→ INPUT FOR THIS TASK

________________________________________

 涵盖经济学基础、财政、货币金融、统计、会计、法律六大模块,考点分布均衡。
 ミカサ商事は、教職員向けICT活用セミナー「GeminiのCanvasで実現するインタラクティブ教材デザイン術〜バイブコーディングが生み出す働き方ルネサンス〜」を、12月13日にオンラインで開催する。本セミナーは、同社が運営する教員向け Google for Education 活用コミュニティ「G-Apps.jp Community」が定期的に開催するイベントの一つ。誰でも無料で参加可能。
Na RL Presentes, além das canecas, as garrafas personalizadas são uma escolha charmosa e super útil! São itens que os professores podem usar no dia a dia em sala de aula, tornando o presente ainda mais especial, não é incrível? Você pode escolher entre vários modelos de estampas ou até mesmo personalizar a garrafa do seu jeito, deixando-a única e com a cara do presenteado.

________________________________________

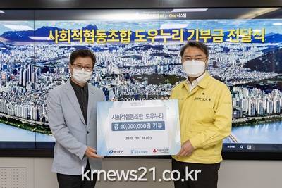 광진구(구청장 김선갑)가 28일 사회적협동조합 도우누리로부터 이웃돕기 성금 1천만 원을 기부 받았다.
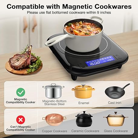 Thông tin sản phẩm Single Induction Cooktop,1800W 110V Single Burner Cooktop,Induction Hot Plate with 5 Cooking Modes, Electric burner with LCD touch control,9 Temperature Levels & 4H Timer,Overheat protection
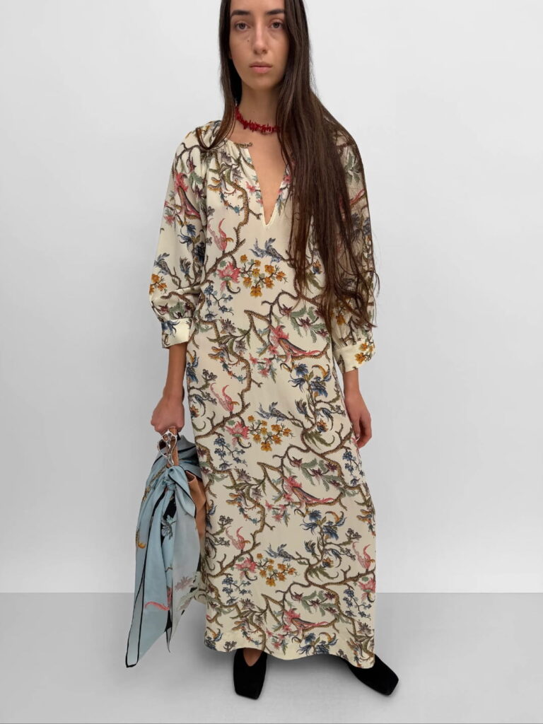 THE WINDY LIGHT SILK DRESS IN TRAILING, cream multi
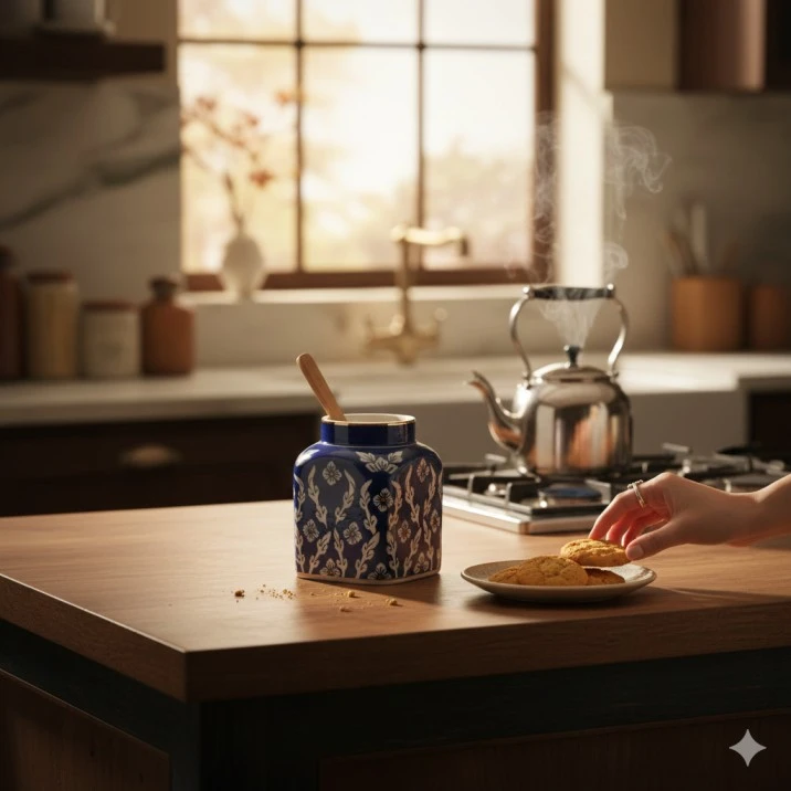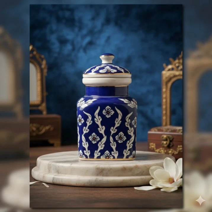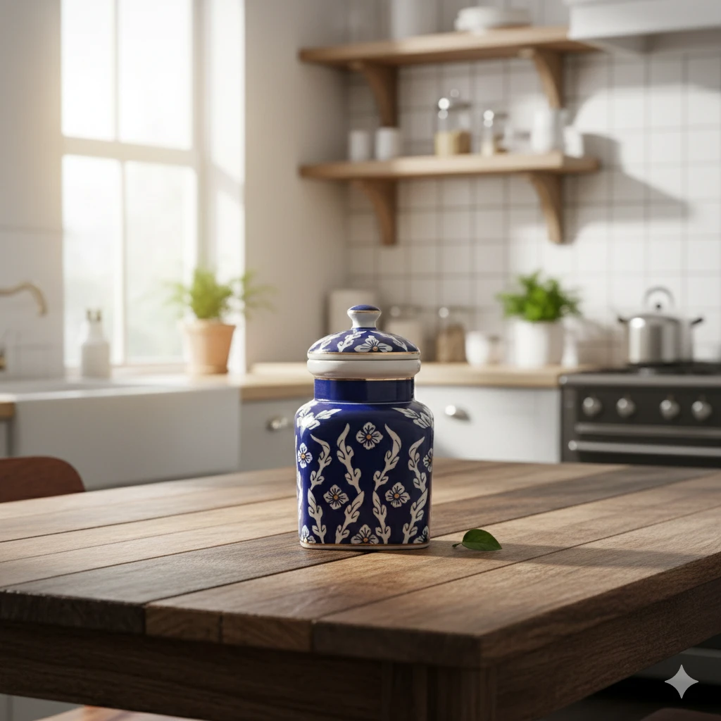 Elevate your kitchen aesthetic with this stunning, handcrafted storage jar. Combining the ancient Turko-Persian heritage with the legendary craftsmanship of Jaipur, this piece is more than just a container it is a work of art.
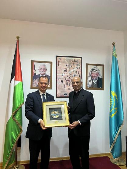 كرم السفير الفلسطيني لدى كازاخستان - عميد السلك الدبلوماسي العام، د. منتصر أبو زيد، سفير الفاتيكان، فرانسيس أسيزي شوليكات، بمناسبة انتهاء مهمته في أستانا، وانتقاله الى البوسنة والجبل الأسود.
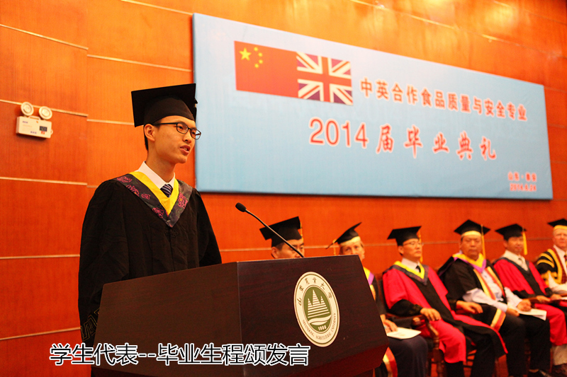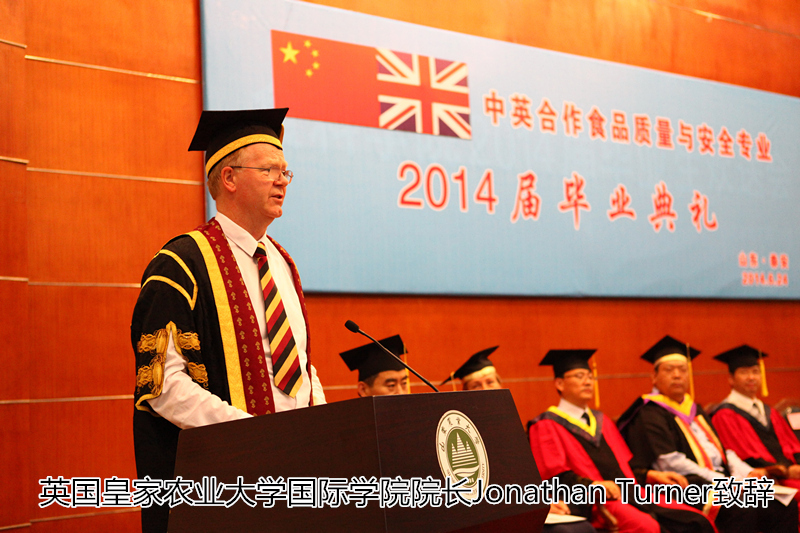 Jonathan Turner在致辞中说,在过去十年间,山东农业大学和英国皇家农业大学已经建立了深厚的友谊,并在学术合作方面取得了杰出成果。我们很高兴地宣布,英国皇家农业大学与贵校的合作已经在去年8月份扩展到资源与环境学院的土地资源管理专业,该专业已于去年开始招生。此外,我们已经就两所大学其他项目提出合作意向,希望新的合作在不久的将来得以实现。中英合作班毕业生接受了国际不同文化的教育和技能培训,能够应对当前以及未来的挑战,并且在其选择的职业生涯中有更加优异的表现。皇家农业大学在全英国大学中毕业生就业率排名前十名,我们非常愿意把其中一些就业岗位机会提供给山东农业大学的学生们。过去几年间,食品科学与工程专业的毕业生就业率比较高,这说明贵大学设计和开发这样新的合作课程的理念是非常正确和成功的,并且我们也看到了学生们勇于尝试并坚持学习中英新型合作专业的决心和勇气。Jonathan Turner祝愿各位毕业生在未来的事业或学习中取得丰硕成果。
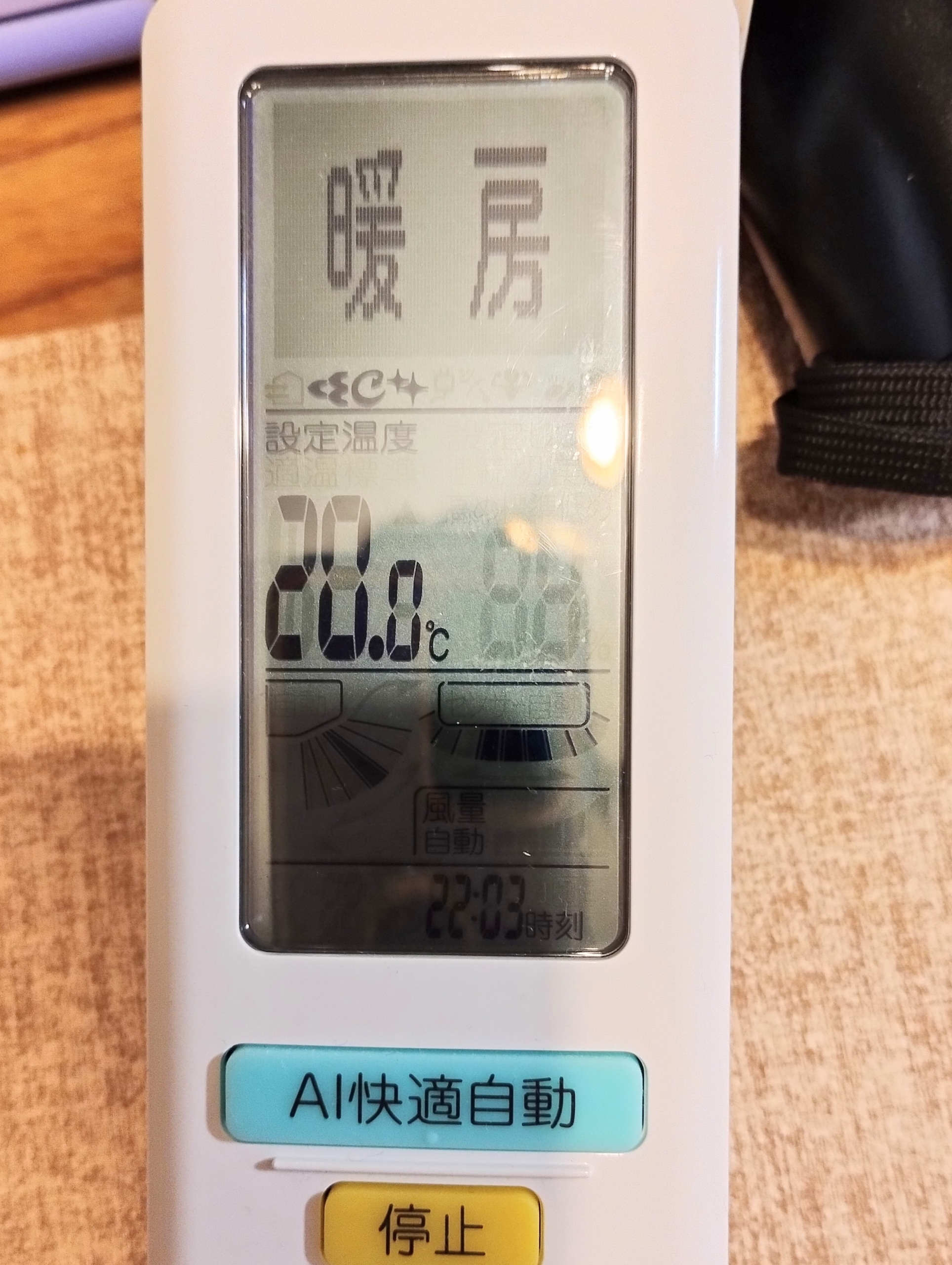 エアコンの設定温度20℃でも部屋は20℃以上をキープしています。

________________________________________

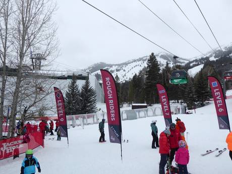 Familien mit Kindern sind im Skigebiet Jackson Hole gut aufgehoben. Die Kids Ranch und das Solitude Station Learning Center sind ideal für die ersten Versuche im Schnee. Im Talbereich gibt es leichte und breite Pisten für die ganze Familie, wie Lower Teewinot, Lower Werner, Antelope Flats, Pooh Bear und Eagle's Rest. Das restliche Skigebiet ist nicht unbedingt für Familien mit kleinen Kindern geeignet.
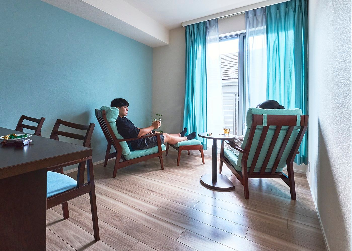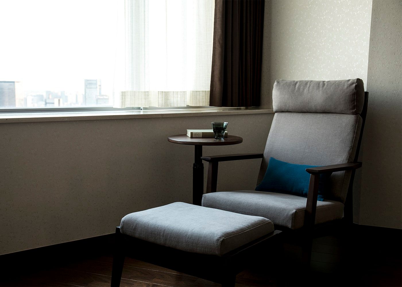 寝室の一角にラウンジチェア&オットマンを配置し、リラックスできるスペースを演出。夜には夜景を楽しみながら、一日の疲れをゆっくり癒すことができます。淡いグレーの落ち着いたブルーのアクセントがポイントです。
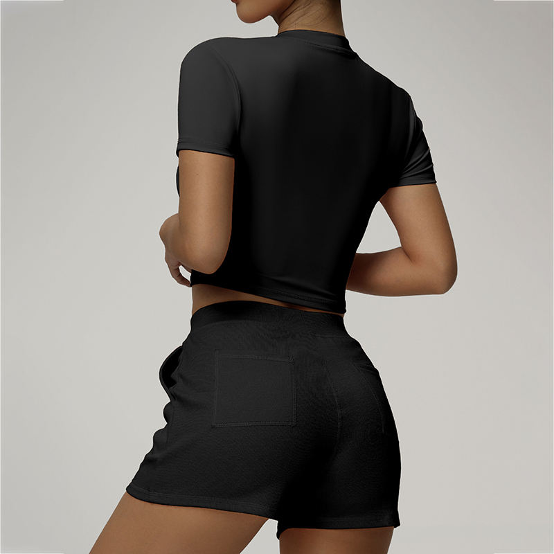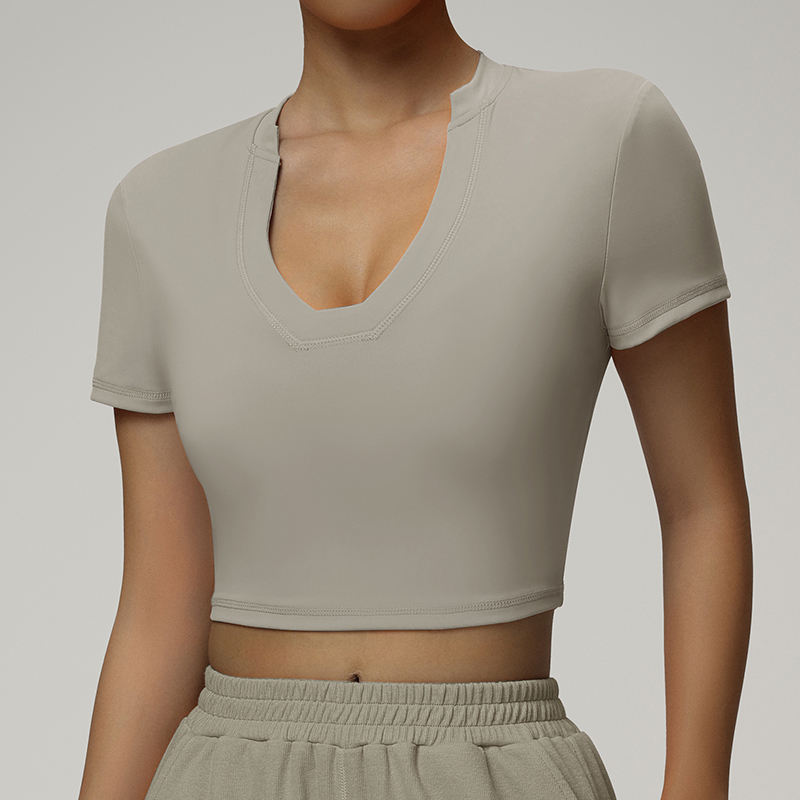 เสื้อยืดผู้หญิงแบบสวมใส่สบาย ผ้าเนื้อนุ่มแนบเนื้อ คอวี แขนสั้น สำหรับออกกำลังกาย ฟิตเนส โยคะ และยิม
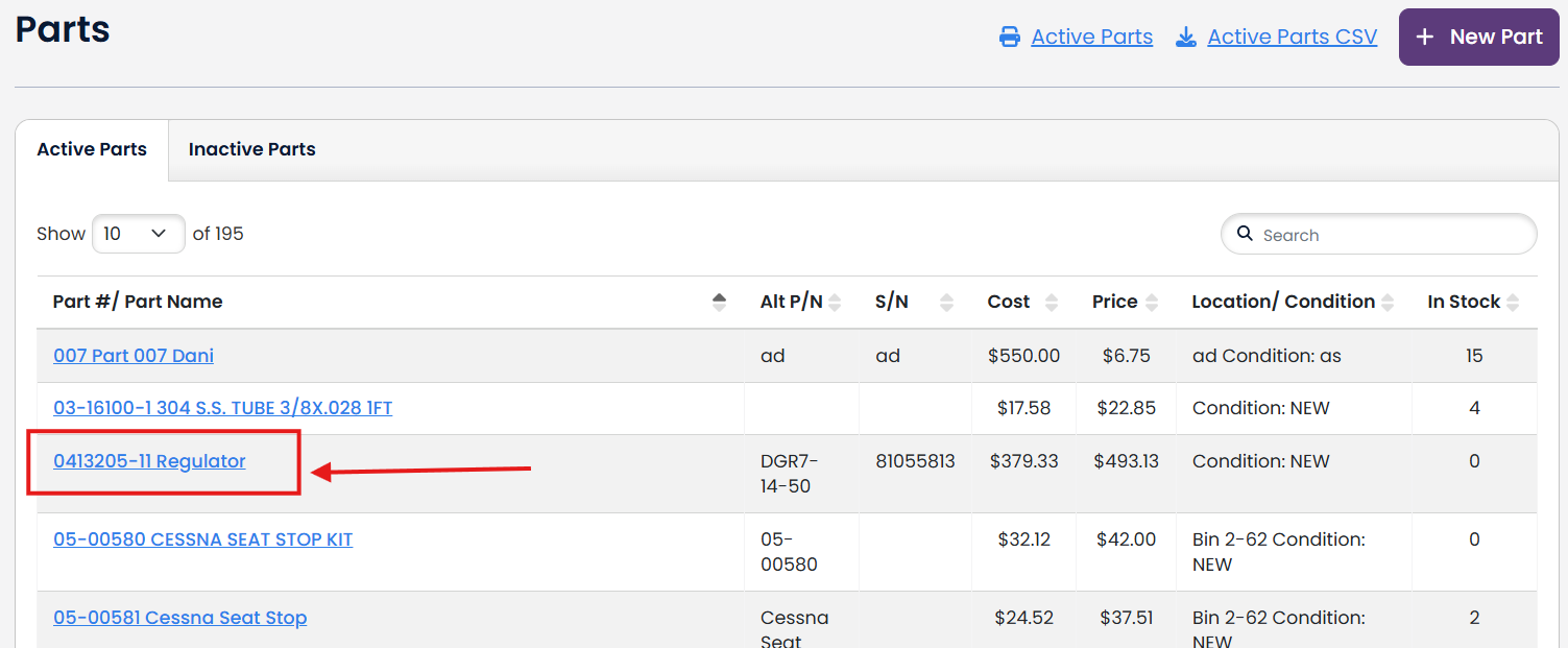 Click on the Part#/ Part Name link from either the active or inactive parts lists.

________________________________________

→ WHAT NEEDS TO BE DONE
Range to print from the listing above: from the line with "เสื้อยืดผู้หญิงแบบสวมใส่สบาย ผ้าเนื้อนุ่มแนบเนื้อ คอวี" up to and including the line with "Click on the". Please print those lines exactly, with no pictures and nothing more.

→ WRITTEN REPLY
 เสื้อยืดผู้หญิงแบบสวมใส่สบาย ผ้าเนื้อนุ่มแนบเนื้อ คอวี แขนสั้น สำหรับออกกำลังกาย ฟิตเนส โยคะ และยิม
 Click on the Part#/ Part Name link from either the active or inactive parts lists.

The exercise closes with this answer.